>>>

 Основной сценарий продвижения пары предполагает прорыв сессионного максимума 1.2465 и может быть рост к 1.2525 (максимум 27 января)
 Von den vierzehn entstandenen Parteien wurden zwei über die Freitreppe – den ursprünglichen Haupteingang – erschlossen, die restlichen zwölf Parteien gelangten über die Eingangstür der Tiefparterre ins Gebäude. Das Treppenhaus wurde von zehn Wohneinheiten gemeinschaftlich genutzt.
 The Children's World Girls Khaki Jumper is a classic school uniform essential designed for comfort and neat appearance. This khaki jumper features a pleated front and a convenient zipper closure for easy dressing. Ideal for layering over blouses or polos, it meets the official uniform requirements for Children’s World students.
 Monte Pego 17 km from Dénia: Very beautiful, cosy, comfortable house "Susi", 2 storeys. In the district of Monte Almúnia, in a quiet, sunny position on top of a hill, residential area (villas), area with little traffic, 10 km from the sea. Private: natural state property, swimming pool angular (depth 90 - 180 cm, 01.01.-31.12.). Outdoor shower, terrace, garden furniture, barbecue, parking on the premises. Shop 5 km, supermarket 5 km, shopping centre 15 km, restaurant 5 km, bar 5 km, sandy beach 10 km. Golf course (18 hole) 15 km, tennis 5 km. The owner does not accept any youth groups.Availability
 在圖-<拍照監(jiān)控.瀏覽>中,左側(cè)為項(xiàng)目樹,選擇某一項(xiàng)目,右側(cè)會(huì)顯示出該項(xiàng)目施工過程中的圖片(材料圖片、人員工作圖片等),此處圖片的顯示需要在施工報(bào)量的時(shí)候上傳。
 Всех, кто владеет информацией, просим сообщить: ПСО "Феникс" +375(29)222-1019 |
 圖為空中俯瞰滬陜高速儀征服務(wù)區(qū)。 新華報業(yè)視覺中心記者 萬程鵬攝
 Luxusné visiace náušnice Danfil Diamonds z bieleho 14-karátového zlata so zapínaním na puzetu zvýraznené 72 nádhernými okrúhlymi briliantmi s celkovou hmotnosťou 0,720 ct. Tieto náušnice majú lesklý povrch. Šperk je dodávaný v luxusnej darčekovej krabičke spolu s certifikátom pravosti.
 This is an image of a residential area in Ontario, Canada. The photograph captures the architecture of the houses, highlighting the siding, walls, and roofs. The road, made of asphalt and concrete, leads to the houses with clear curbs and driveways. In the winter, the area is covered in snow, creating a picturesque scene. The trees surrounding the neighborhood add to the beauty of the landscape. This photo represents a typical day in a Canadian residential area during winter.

<<<

Try it = The line containing "在圖-<拍照監(jiān)控" and every line after it, through the end of the records above: output exactly those, and nothing else.

Result of the exercise =
 在圖-<拍照監(jiān)控.瀏覽>中,左側(cè)為項(xiàng)目樹,選擇某一項(xiàng)目,右側(cè)會(huì)顯示出該項(xiàng)目施工過程中的圖片(材料圖片、人員工作圖片等),此處圖片的顯示需要在施工報(bào)量的時(shí)候上傳。
 Всех, кто владеет информацией, просим сообщить: ПСО "Феникс" +375(29)222-1019 |
 圖為空中俯瞰滬陜高速儀征服務(wù)區(qū)。 新華報業(yè)視覺中心記者 萬程鵬攝
 Luxusné visiace náušnice Danfil Diamonds z bieleho 14-karátového zlata so zapínaním na puzetu zvýraznené 72 nádhernými okrúhlymi briliantmi s celkovou hmotnosťou 0,720 ct. Tieto náušnice majú lesklý povrch. Šperk je dodávaný v luxusnej darčekovej krabičke spolu s certifikátom pravosti.
 This is an image of a residential area in Ontario, Canada. The photograph captures the architecture of the houses, highlighting the siding, walls, and roofs. The road, made of asphalt and concrete, leads to the houses with clear curbs and driveways. In the winter, the area is covered in snow, creating a picturesque scene. The trees surrounding the neighborhood add to the beauty of the landscape. This photo represents a typical day in a Canadian residential area during winter.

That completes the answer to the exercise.